Recently, Smith et al.[34] have analyzed the potential efficiency of the three depletion systems that we have used. Interestingly, in an attempt to identify the proteins from bound fraction using a ‘top-down’ approach they could not identify any non-targeted proteins in the bound fraction. The stringent criterion for the identification of proteins is important to understand non-targeted removal of proteins during depletion of plasma. Mining the plasma proteome has always been a major challenge. Interaction analysis of different abundant proteins suggests that some specific removal will always be there during depletion of different abundant proteins from plasma. There are several targeted proteins which may have a significant role in non-targeted removal. For eg, Histidine rich glycoprotein and Antithrombin interact with plasminogen, ATP Synthase subunit beta interacts with Plasminogen, Serum paraoxonase interacts with Apo-A1 etc. It is important to know the proteins which could be removed specifically.

While the evidence presented here is not enough to conclude that these non-targeted proteins will not be found in the depleted fraction of plasma but it will however definitely be an impediment in proper quantitation of such proteins. The distribution of the non-targeted proteins in the depleted and the bound fractions might be dictated by the binding affinity of the non-targeted proteins to the targeted proteins and the concentration of the non-targeted protein in a particular plasma sample. Thus, if the binding affinity of a particular non-targeted protein to the targeted protein is low it is likely that a part of it will be eluted along with the abundant targeted proteins while the rest will remain in the depleted fraction. This understanding will ultimately help in devising proper downstream analysis of depleted fraction from plasma in discovery based clinical proteomic studies which now rely heavily on the protein quantitation. However, it might be prudent not to consider such proteins as biomarkers unless it has been evaluated in large number of samples.

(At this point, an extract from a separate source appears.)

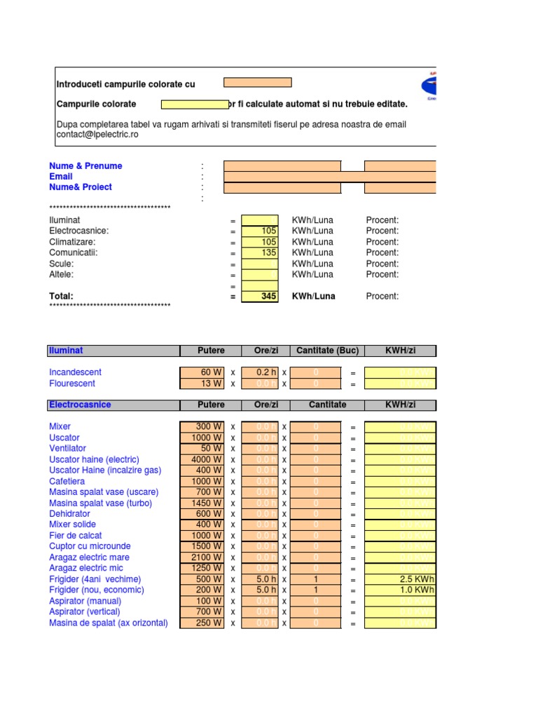 Calculul Sarcinii Electrice și A Consumului De Energie Foaie De Calcul Ms Excel Scheme Electrice și Electronice

Analysis of plasma samples for the discovery of new disease biomarkers holds great promise; but is fraught with challenges [3], [35], [36]. The potential of affinity based pre-fractionation of plasma can be maximized when the downstream workflow utilizes both the fractions (flow-through and bound fraction) for analysis. We have shown that the bound fractions contain important plasma proteins which have been indicated to be relevant as disease biomarkers. Contrary to general belief, our study reports more proteins in non-targeted category. Using this approach for simplifying the plasma proteome is more beneficial when both the fractions are analyzed. The effect of MARS on enrichment of sample is the next question to address and thus forms the immediate focus of our next work. Further study on this aspect would provide new insights after in-depth analysis of the depleted fractions.

Materials and Methods

Sample Collection and Plasma Isolation

Blood samples were collected in EDTA vacutainer from three healthy individuals. Ethics Committee f the Institute of Genomics and Integrative Biology (Institutional human ethics committee, IHEC) approved the collection of human blood samples. Written consent from all the individuals were obtained on the day of recruitment. The blood samples were stored upright at 4°C until they were spun at 2500 rpm at 4°C for 15 minutes as mentioned in Omenn et al [37]. The separated plasma was aliquoted and stored at −80°C for further analysis.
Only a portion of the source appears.